Brief =
Give an unaltered copy of the listing below, minus its pictures.

Data section =
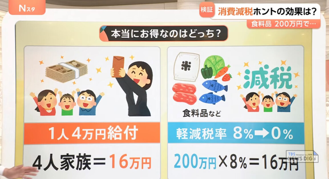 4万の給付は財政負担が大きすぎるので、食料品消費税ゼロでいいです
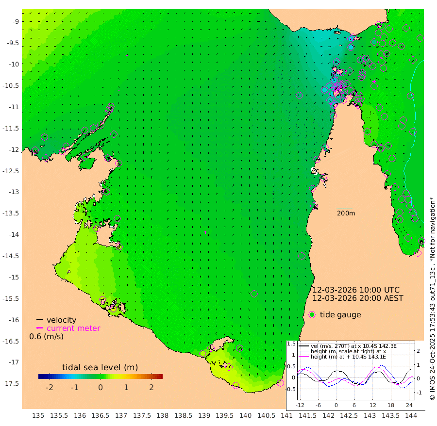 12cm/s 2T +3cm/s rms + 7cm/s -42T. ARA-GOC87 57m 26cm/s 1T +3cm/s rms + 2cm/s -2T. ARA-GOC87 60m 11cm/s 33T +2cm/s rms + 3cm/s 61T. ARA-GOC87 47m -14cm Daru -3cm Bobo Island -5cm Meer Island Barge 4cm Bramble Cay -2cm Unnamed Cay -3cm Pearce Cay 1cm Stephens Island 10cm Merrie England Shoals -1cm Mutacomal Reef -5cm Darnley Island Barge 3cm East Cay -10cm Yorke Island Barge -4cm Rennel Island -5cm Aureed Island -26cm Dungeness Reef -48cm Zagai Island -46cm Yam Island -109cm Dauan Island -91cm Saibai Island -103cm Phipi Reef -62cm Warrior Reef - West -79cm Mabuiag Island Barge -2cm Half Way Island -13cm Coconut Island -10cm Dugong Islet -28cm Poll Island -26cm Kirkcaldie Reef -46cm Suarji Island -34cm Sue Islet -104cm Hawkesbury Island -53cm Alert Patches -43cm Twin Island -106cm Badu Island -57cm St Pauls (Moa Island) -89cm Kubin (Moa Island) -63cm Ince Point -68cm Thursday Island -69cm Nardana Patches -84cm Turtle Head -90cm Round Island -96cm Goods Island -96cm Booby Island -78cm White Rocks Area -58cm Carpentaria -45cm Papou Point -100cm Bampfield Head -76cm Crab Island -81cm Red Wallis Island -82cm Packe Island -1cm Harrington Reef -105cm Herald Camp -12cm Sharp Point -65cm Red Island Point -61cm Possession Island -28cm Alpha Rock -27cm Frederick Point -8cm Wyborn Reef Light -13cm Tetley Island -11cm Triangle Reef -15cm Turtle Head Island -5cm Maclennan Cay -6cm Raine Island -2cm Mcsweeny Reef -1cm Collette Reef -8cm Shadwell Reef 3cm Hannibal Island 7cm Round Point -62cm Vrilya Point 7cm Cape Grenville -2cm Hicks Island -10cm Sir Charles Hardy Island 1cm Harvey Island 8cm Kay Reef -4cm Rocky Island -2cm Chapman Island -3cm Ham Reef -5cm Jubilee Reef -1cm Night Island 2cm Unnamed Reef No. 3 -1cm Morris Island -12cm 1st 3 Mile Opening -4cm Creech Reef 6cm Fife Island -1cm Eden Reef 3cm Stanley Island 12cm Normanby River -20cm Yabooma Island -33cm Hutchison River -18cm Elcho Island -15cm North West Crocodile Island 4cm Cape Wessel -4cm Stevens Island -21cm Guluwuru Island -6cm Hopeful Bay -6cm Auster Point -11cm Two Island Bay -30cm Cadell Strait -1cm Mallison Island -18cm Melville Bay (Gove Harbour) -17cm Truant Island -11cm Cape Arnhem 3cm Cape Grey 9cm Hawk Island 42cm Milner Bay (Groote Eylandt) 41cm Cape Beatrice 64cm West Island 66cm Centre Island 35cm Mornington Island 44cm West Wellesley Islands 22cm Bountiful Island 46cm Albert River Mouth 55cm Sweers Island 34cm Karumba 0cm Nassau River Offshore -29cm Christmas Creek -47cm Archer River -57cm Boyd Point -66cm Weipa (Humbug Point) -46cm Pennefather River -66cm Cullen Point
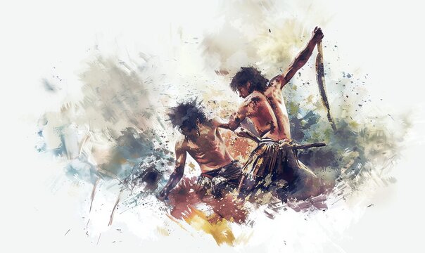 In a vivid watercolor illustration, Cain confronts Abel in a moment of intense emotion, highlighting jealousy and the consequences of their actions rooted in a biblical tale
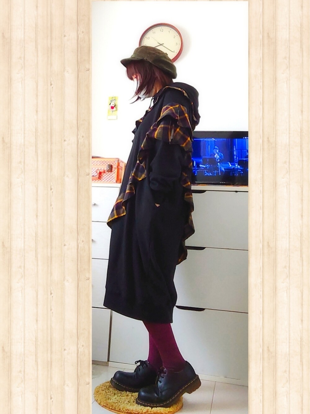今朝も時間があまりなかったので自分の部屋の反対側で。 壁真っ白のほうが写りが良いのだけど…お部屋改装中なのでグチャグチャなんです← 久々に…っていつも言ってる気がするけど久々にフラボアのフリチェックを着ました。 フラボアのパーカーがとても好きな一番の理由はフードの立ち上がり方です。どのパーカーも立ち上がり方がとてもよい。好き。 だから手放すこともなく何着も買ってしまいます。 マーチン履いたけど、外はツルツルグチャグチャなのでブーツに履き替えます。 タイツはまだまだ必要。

Your response =
 4万の給付は財政負担が大きすぎるので、食料品消費税ゼロでいいです
 12cm/s 2T +3cm/s rms + 7cm/s -42T. ARA-GOC87 57m 26cm/s 1T +3cm/s rms + 2cm/s -2T. ARA-GOC87 60m 11cm/s 33T +2cm/s rms + 3cm/s 61T. ARA-GOC87 47m -14cm Daru -3cm Bobo Island -5cm Meer Island Barge 4cm Bramble Cay -2cm Unnamed Cay -3cm Pearce Cay 1cm Stephens Island 10cm Merrie England Shoals -1cm Mutacomal Reef -5cm Darnley Island Barge 3cm East Cay -10cm Yorke Island Barge -4cm Rennel Island -5cm Aureed Island -26cm Dungeness Reef -48cm Zagai Island -46cm Yam Island -109cm Dauan Island -91cm Saibai Island -103cm Phipi Reef -62cm Warrior Reef - West -79cm Mabuiag Island Barge -2cm Half Way Island -13cm Coconut Island -10cm Dugong Islet -28cm Poll Island -26cm Kirkcaldie Reef -46cm Suarji Island -34cm Sue Islet -104cm Hawkesbury Island -53cm Alert Patches -43cm Twin Island -106cm Badu Island -57cm St Pauls (Moa Island) -89cm Kubin (Moa Island) -63cm Ince Point -68cm Thursday Island -69cm Nardana Patches -84cm Turtle Head -90cm Round Island -96cm Goods Island -96cm Booby Island -78cm White Rocks Area -58cm Carpentaria -45cm Papou Point -100cm Bampfield Head -76cm Crab Island -81cm Red Wallis Island -82cm Packe Island -1cm Harrington Reef -105cm Herald Camp -12cm Sharp Point -65cm Red Island Point -61cm Possession Island -28cm Alpha Rock -27cm Frederick Point -8cm Wyborn Reef Light -13cm Tetley Island -11cm Triangle Reef -15cm Turtle Head Island -5cm Maclennan Cay -6cm Raine Island -2cm Mcsweeny Reef -1cm Collette Reef -8cm Shadwell Reef 3cm Hannibal Island 7cm Round Point -62cm Vrilya Point 7cm Cape Grenville -2cm Hicks Island -10cm Sir Charles Hardy Island 1cm Harvey Island 8cm Kay Reef -4cm Rocky Island -2cm Chapman Island -3cm Ham Reef -5cm Jubilee Reef -1cm Night Island 2cm Unnamed Reef No. 3 -1cm Morris Island -12cm 1st 3 Mile Opening -4cm Creech Reef 6cm Fife Island -1cm Eden Reef 3cm Stanley Island 12cm Normanby River -20cm Yabooma Island -33cm Hutchison River -18cm Elcho Island -15cm North West Crocodile Island 4cm Cape Wessel -4cm Stevens Island -21cm Guluwuru Island -6cm Hopeful Bay -6cm Auster Point -11cm Two Island Bay -30cm Cadell Strait -1cm Mallison Island -18cm Melville Bay (Gove Harbour) -17cm Truant Island -11cm Cape Arnhem 3cm Cape Grey 9cm Hawk Island 42cm Milner Bay (Groote Eylandt) 41cm Cape Beatrice 64cm West Island 66cm Centre Island 35cm Mornington Island 44cm West Wellesley Islands 22cm Bountiful Island 46cm Albert River Mouth 55cm Sweers Island 34cm Karumba 0cm Nassau River Offshore -29cm Christmas Creek -47cm Archer River -57cm Boyd Point -66cm Weipa (Humbug Point) -46cm Pennefather River -66cm Cullen Point
 In a vivid watercolor illustration, Cain confronts Abel in a moment of intense emotion, highlighting jealousy and the consequences of their actions rooted in a biblical tale
今朝も時間があまりなかったので自分の部屋の反対側で。 壁真っ白のほうが写りが良いのだけど…お部屋改装中なのでグチャグチャなんです← 久々に…っていつも言ってる気がするけど久々にフラボアのフリチェックを着ました。 フラボアのパーカーがとても好きな一番の理由はフードの立ち上がり方です。どのパーカーも立ち上がり方がとてもよい。好き。 だから手放すこともなく何着も買ってしまいます。 マーチン履いたけど、外はツルツルグチャグチャなのでブーツに履き替えます。 タイツはまだまだ必要。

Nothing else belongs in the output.